Donald Trump sought to make an unannounced visit to the demilitarized zone between North and South Korea but was thwarted by bad weather.

According to a White House pool report, the President intended to make a surprise visit to the heavily fortified area dividing communist North Korea from Western ally South Korea. Mr Trump has shown a propensity for catching others off guard with foreign policy moves, as when he ordered a strike on Syria.

But bad weather forced Chinook helicopters bearing the President and reporters to return to Seoul about half an hour after they lifted off.

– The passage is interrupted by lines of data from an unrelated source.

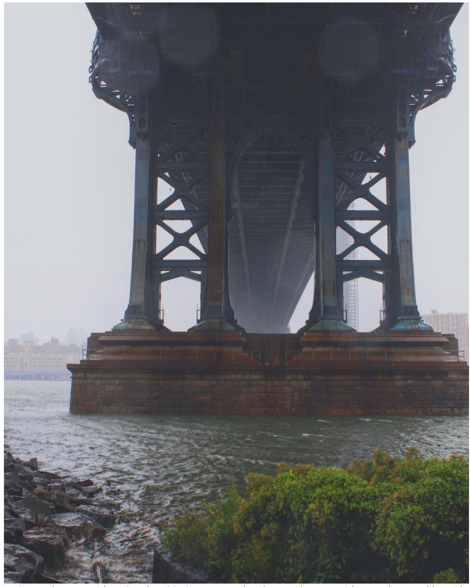
Fig. 2. Manhattan Bridge, October 2018. Down under the Manhattan Bridge on the Brooklyn side there are numerous footpaths and tidal Marshes along a path named John Street. During a driving nor'easter, I left the safety of the path and faced the tower. The conditions provided density that complements the magnificence of this 1901 structure.
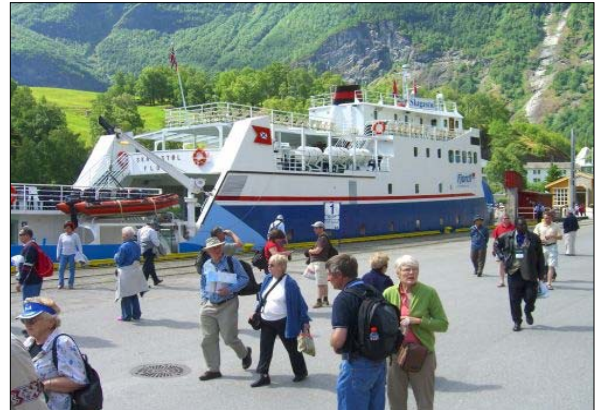
Travel and Hosting Rotarians debark from a fjord tour in Norway

Membership in a fellowship is generally very inexpensive and offers members the opportunity to fish, fly or play golf together at a variety of Rotary conferences, conventions or events. Many have an annual get-together where members from throughout the Rotary world gather for fun and fellowship. These annual events are often scheduled in conjunction
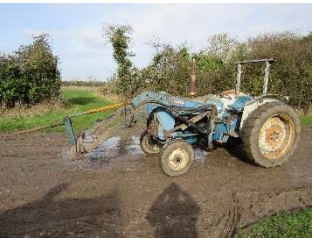
LOT 209 Ford 4000 2wd tractor
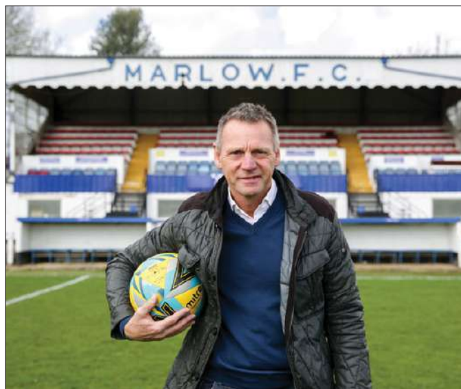
Stuart Pearce attended Marlow FC's ground on March 25 to watch the club in action

To read the full story, go to www.bucksfreepress.co.uk/sport .
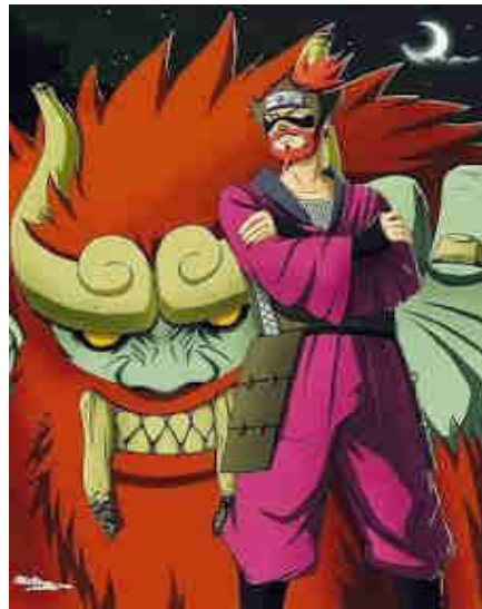
Fig. 12. Son Gokū and Rōshi in Naruto: Shippūden .

elongated fangs, and two long horns curving upwards on its forehead like a crown. This creature was sealed within a person, Rōshi.
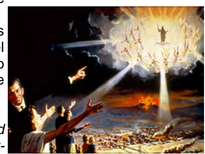
Exhibit 1 Christ's Return From Heaven to Earth It Will be It Will be EARTH-SHAKING PERSONAL It Will be It Will be (Rev 6:12-17) It Will be (Acts 1:9-11: GLORIOUS VISIBLE AUDIBLE I Thess 4:16) (Matt 25:3: (Rev 1:7; (I Thess 4:16,17 Matt 24:27) Matt 24:30) I Cor 15:51,52) The Righteous The Righteous Will be Gath-The Righteous Will Meet ered From the Living Will Christ in the Four Winds The Living be Changed Air (Matt 24:31) Wicked The Righteous (1 Thess 4:16) (1 Thess 4:17) Will Die Dead Will be (2 Thess 1:7,8) Resurrected (1 Thess 4:16) HAPPENINGS ON EARTH

He shall reign forever and ever." (Verse 15)
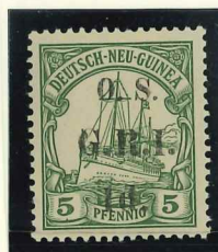
Mi.2 / SG.02

Soaring tensions on the Korean peninsula have consumed much of the Trump administration’s attention as North Korea has menaced its neighbours with repeated ballistic missile launches and its first successful test of a hydrogen bomb. Mr Trump and North Korea have traded militaristic rhetoric and threats of destruction.

The demilitarized zone, commonly known as the DMZ, separates two neighbours who remain locked in conflict more than half a century after the Korean War ended in an armistice rather than a peace treaty.

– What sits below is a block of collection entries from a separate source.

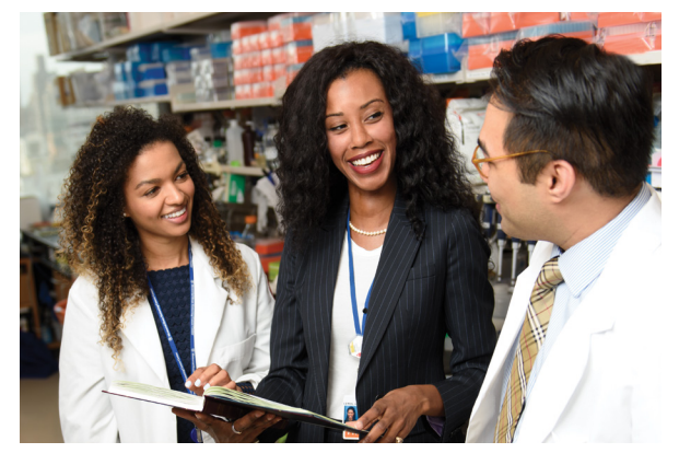
Summer Student Fellowship Program funds participation for underrepresented minority medical students

In 2016, more than 8,000 participants registered for continuing medical education (CME) courses at MSK to enhance their professional knowledge, stimulate new research ideas, and learn about ways to improve patient care and treatment outcomes.
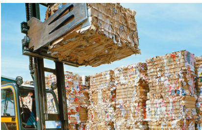
Particularly suitable for compression of paper, cardboard and plastic film
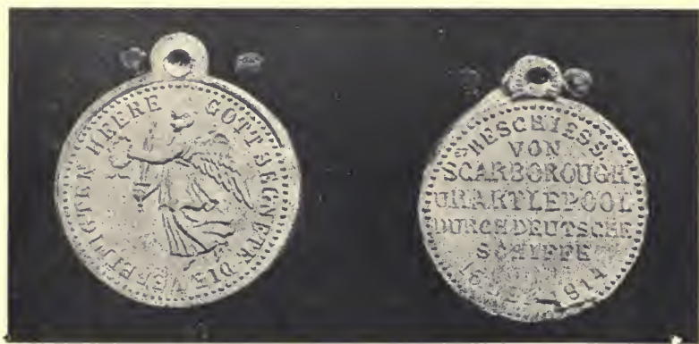
Fig. 4. A GERMAN "VICTORY-PENNY" ( enlarged ).

von Kluck, Field-Marshal von Mackensen, or—in the other elements—of Vice-Admiral von Spee and Grand-Admiral von Tirpitz and Count Zeppelin; but we have portraits of heroes of more modest rank, such as von Mücke (whose escape in a sailing vessel from Keeling Island to Hodeida must be almost forgotten

Vice President Mike Pence had already visited the DMZ, but this would have been Mr Trump’s first visit. He was in South Korea as he continued his first visit to Asia as President, having already stopped in Japan.

Speaking to reporters alongside South Korean President Moon Jae-in, Mr Trump said the two leaders discussed “North Korea's grave nuclear threat” and reaffirmed the “crucial US security partnership with South Korea”.

The two countries have conducted a series of joint military drills, which North Korea has denounced as acts of aggression.

Mr Moon said South Korea was exploring purchasing American-made military equipment, with Mr Trump chiming in that South Korea planned to buy “billions of dollars” worth.